Another obvious example is the sequences. Probably everyone here would agree that at least 75 of the best 100 posts on LW are from the sequences. But, for the most part, they sit at around 10-20 karma. Those that are outside that are the extraordinarily popular ones, which are linked to a lot, and sit at probably around 40 karma. This is not an accurate reflection of their quality versus other articles that I see around 10-40 karma.
I really try (but don’t always succeed) to vote karma based on “Is this comment/post at a higher or lower karma score than I think it should have?”. If everyone used this, then Karma scores might have some meaning relative to each other. But I don’t think many people use this strategy, and the result is that karma scores are skewed towards more read and funnier posts. Which generally tend to be shorter and less substantial.
When a comment I make is not upvoted to at least +3, I give a moment’s consideration to the question of what I did wrong (and delete some of the comments that fail this test).
Some of your comments should be useful to the elite but not the masses. Such comments are only sometimes voted to +3. E.g., IIRC you regularly make decision theory comments that don’t go to +3, so it seems you don’t follow this rule even when talking about important things.
(It’s only semi-related, but who cares about the votes of the masses anyway? You’re here to talk to PCs and potential PCs, which is less than 1% of the LessWrong population. You’re beyond the point of rationality where you have to worry about not caring about NPCs becoming a categorical rule followed by everyone. On that note, you should care about the opinion of the churchgoer more, and the LessWronger less. Peace out comrade.)
Would it be difficult (and useful) to change the voting system inherited from reddit and implement one where casting a vote would rate something on a scale from minus ten to ten, and then average all votes together?
The biggest problem wouldn’t be technical, it would be the lower usability and the increased focus put on karma.
Also, averaging would be bad, showing the median vote would reduce the appeal of always putting +10/-10.
Difficult? Probably not. Useful is debatable. I’m not sure that the Karma system is important enough to consider in much detail. I just don’t see much low hanging fruit there.
So do I.
I wonder how hard it would be to build a LW addon (like the antikibbitzer) that replaced numeric readouts with a tier label (e.g. “A” >=10, “F” for <=-3, etc.), and how using that would affect my experience of LW.
I think that would be pretty awkward, since posts would start in the “C” range. I think most people here would consider getting a “C” bad. But tiers make for an interesting concept, if you move away from grades.

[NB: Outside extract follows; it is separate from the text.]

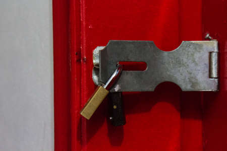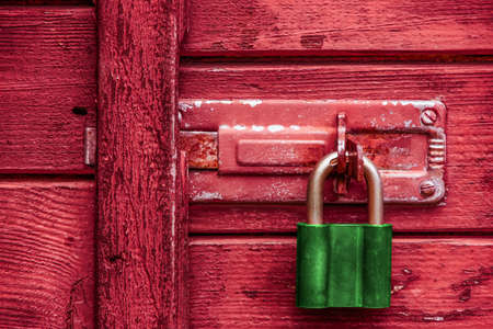 Close up view of green old padlock on the red wooden door.

Use the fact that the date is also displayed to give a ”?” instead for posts less than a day old, or have thresholds that move a bit for the first couple days.

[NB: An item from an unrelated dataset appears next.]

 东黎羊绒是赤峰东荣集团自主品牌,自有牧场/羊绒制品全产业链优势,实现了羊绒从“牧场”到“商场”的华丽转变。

Sure; the specific tier thresholds are secondary and might even be user-definable parameters, so people don’t need to know what tier they’re in on my screen, if knowing that would make them feel bad.

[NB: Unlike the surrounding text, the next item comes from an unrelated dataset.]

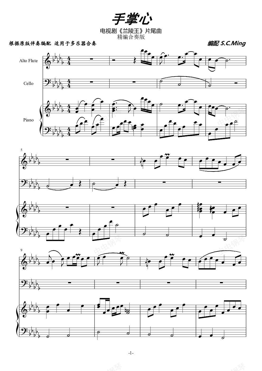 钢琴谱:手掌心《兰陵王》片尾曲精编合奏版

I would second that. On the other hand, how would you decide what weight to give to someone’s vote? Newcomers vs older members? Low vs high karma? I’m not sure a function of both these variables would be sufficient to determine meaningful voting weights (that is, I’m not sure such a simple mechanism would be able to intelligently steer more karma towards good quality posts even if they were hidden, obscure or too subtle).
What if the site just defaulted to a random sort order, so different people are presented with different comments first? That would still tend to bias in favor of older comments getting high presentation rank more. I’m not sure that’s such a bad thing, though.